## DATA PROVIDED
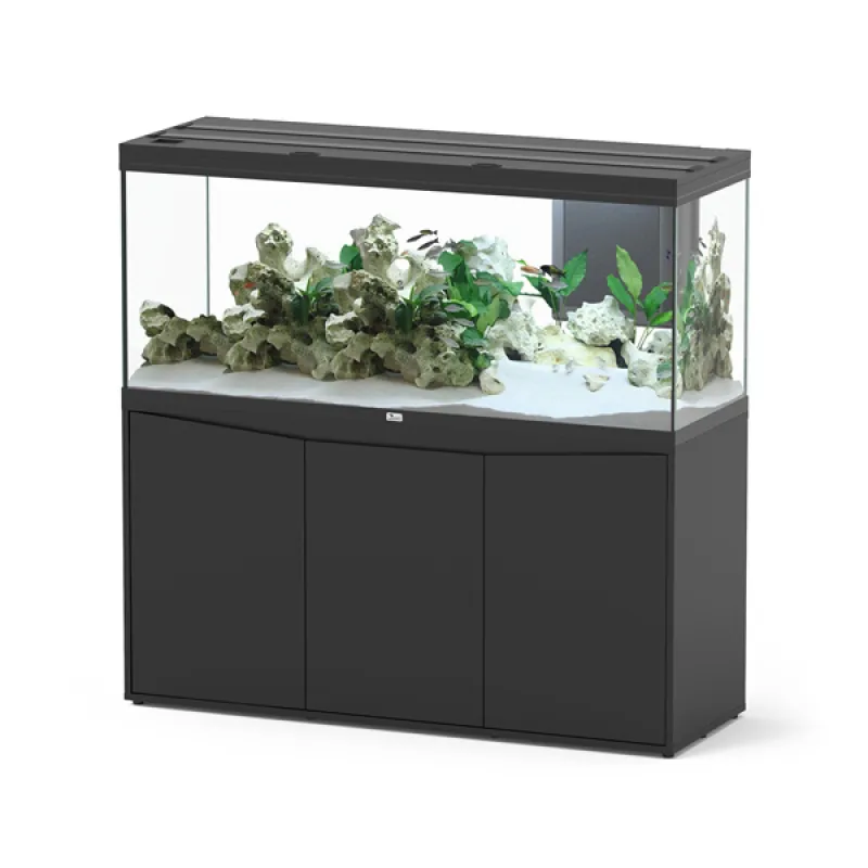 Hier is de aquariumoplossing die functionaliteit combineert met exclusief design en edele materialen. Minimalistisch en modern design in een hoogwaardig aluminium profiel passend bij een eigentijdse houten kast met zachte lijnen.
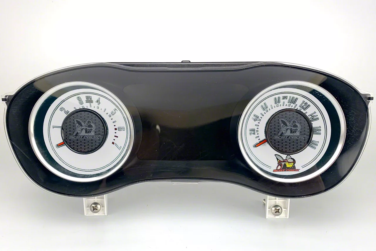 Application. The US Speedo Daytona Edition Gauge Face with Scat Pack Logo; MPH; White fits all 2015-2023 Challenger Scat Pack models.
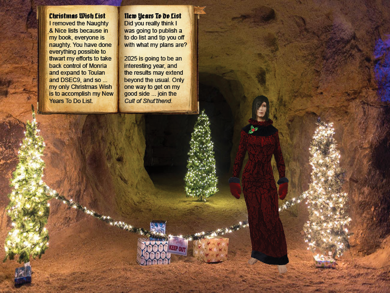 Well, we learned with the Monria event that we basically got pranked by Decca because her Christmas Wish List that Goth found in the cave was fake because she knew there was a mole in her Cultist ranks, but Goth got a photo of her journal pages with her true message that also told us that she knew those would be discovered as well, so ... seems we're back at square one because she's not letting on to any of her plans ... doesn't surprise me though and we're still in the dark.
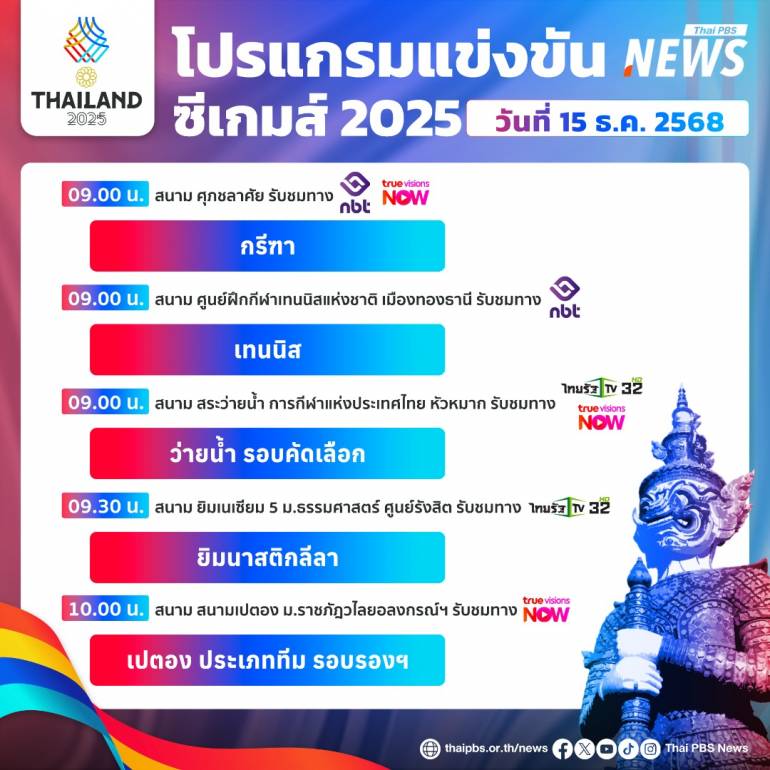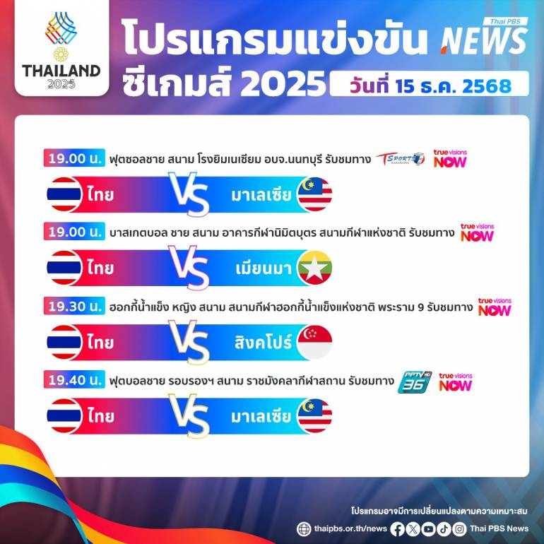 ตารางแข่งขันกีฬาซีเกมส์ 2025 วันที่ 15 ธันวาคม 2568
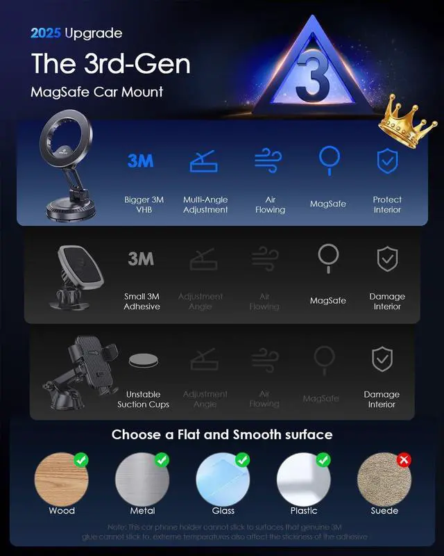 Wide Compatibility: Compatible with iPhone 16 Pro Max, 15, 14, 13, and 12, this iphone car mount is your ideal phone mount. It' s the ultimate phone car mount for all your journeys, ensuring a secure fit.
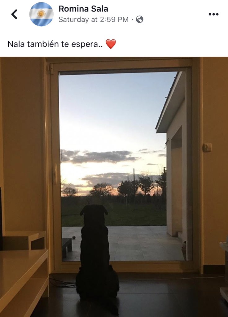 A irmã do atacante do Cardiff City, Romina, compartilhou uma imagem comovente no Facebook do cachorro Nala olhando para o vazio.
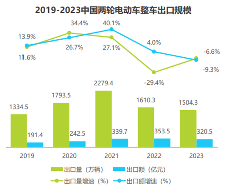 市场调研数据显示,2023年中国两轮电动车整车出口量为1504.3万辆,出口额为320.5亿元,同比下降6.6%和9.3%,下滑速度放缓;出口规 模前四的省份,出口量均达到百万级;2021年疫情导致海外两轮电动车市场火爆,相应带动中国两轮电动车出口量剧增,高峰期过 后市场回归正常,预计未来进入稳定增长期。
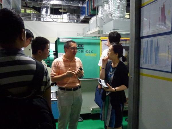 圖3. 任輝博士帶領來賓參觀生產區(qū)并介紹公司產品
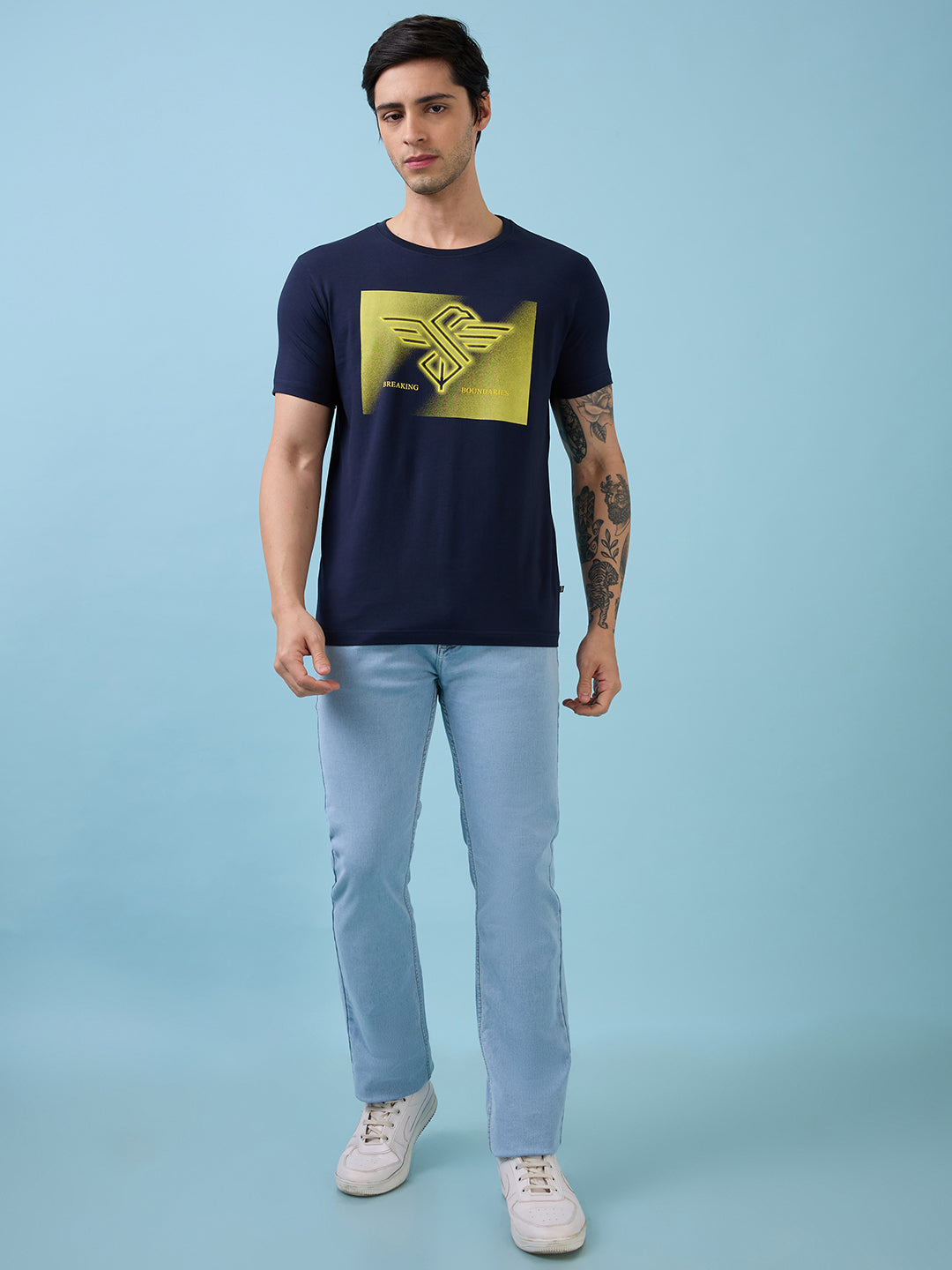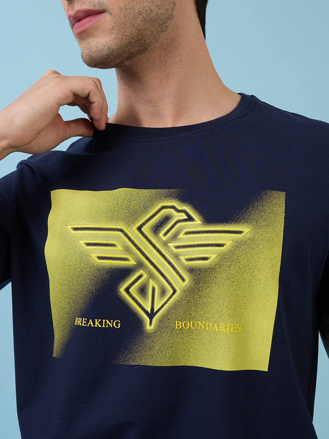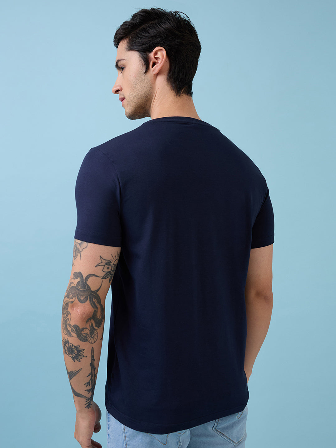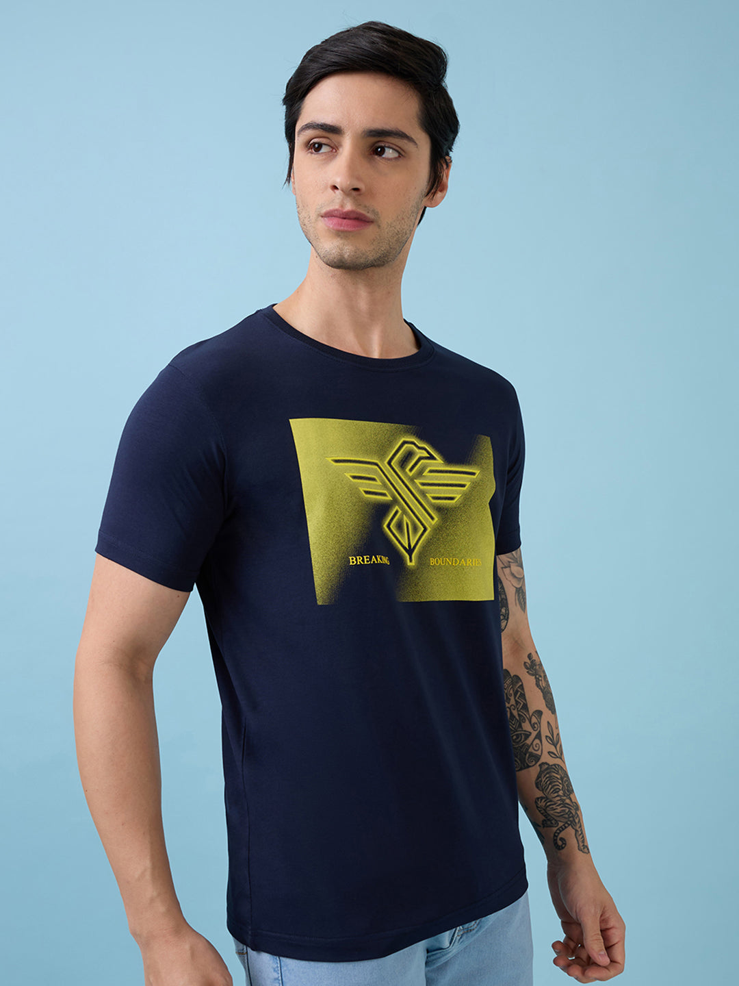NAVY Mens Printed Round Neck Half Sleeves T-shirt

## WORK TASK
Copy all of the listing word for word, minus the images.

## SOLUTION FOR THIS EXERCISE
 Hier is de aquariumoplossing die functionaliteit combineert met exclusief design en edele materialen. Minimalistisch en modern design in een hoogwaardig aluminium profiel passend bij een eigentijdse houten kast met zachte lijnen.
 Application. The US Speedo Daytona Edition Gauge Face with Scat Pack Logo; MPH; White fits all 2015-2023 Challenger Scat Pack models.
 Well, we learned with the Monria event that we basically got pranked by Decca because her Christmas Wish List that Goth found in the cave was fake because she knew there was a mole in her Cultist ranks, but Goth got a photo of her journal pages with her true message that also told us that she knew those would be discovered as well, so ... seems we're back at square one because she's not letting on to any of her plans ... doesn't surprise me though and we're still in the dark.
 ตารางแข่งขันกีฬาซีเกมส์ 2025 วันที่ 15 ธันวาคม 2568
 Wide Compatibility: Compatible with iPhone 16 Pro Max, 15, 14, 13, and 12, this iphone car mount is your ideal phone mount. It' s the ultimate phone car mount for all your journeys, ensuring a secure fit.
 A irmã do atacante do Cardiff City, Romina, compartilhou uma imagem comovente no Facebook do cachorro Nala olhando para o vazio.
 市场调研数据显示,2023年中国两轮电动车整车出口量为1504.3万辆,出口额为320.5亿元,同比下降6.6%和9.3%,下滑速度放缓;出口规 模前四的省份,出口量均达到百万级;2021年疫情导致海外两轮电动车市场火爆,相应带动中国两轮电动车出口量剧增,高峰期过 后市场回归正常,预计未来进入稳定增长期。
 圖3. 任輝博士帶領來賓參觀生產區(qū)并介紹公司產品
NAVY Mens Printed Round Neck Half Sleeves T-shirt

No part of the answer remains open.